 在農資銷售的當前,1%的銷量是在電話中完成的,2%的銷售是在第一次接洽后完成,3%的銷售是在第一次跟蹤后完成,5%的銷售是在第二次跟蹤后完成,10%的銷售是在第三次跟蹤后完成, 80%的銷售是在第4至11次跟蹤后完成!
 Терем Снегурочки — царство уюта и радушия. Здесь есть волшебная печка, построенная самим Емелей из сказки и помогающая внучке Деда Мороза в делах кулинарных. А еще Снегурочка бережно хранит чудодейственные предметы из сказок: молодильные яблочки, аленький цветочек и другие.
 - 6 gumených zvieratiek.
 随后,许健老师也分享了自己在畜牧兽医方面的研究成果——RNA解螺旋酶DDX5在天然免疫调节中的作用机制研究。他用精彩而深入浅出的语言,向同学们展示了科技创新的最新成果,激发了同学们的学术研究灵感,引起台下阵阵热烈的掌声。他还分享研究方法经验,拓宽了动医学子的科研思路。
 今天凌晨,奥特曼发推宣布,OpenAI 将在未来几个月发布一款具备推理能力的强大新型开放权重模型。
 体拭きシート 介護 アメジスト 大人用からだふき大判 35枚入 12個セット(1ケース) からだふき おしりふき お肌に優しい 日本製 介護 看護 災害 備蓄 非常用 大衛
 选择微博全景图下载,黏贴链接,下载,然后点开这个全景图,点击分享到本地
---
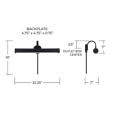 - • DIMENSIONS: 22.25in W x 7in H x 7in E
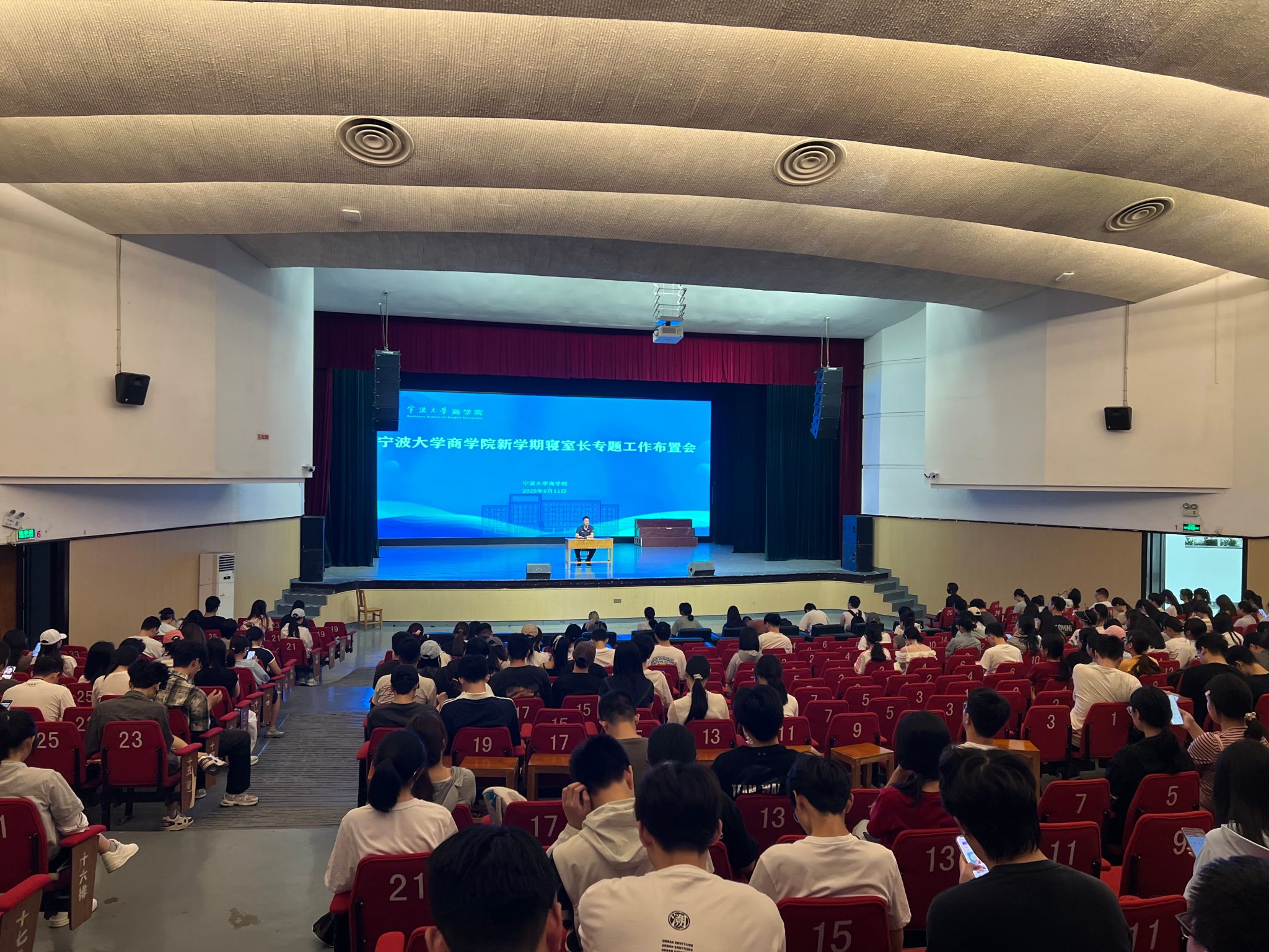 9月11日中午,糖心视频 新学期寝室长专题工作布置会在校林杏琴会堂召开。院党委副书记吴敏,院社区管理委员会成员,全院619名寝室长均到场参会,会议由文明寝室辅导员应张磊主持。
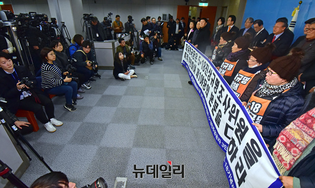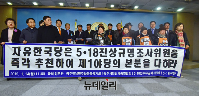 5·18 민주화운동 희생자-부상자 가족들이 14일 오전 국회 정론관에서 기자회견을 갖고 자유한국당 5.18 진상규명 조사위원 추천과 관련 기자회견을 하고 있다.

- [What to work on]: In the listing above, find the line with "Терем Снегурочки —" and the line with "- 6 gumených zvieratiek.". Output those two lines and every line between them, exactly as written.

- [Result below]:
 Терем Снегурочки — царство уюта и радушия. Здесь есть волшебная печка, построенная самим Емелей из сказки и помогающая внучке Деда Мороза в делах кулинарных. А еще Снегурочка бережно хранит чудодейственные предметы из сказок: молодильные яблочки, аленький цветочек и другие.
 - 6 gumených zvieratiek.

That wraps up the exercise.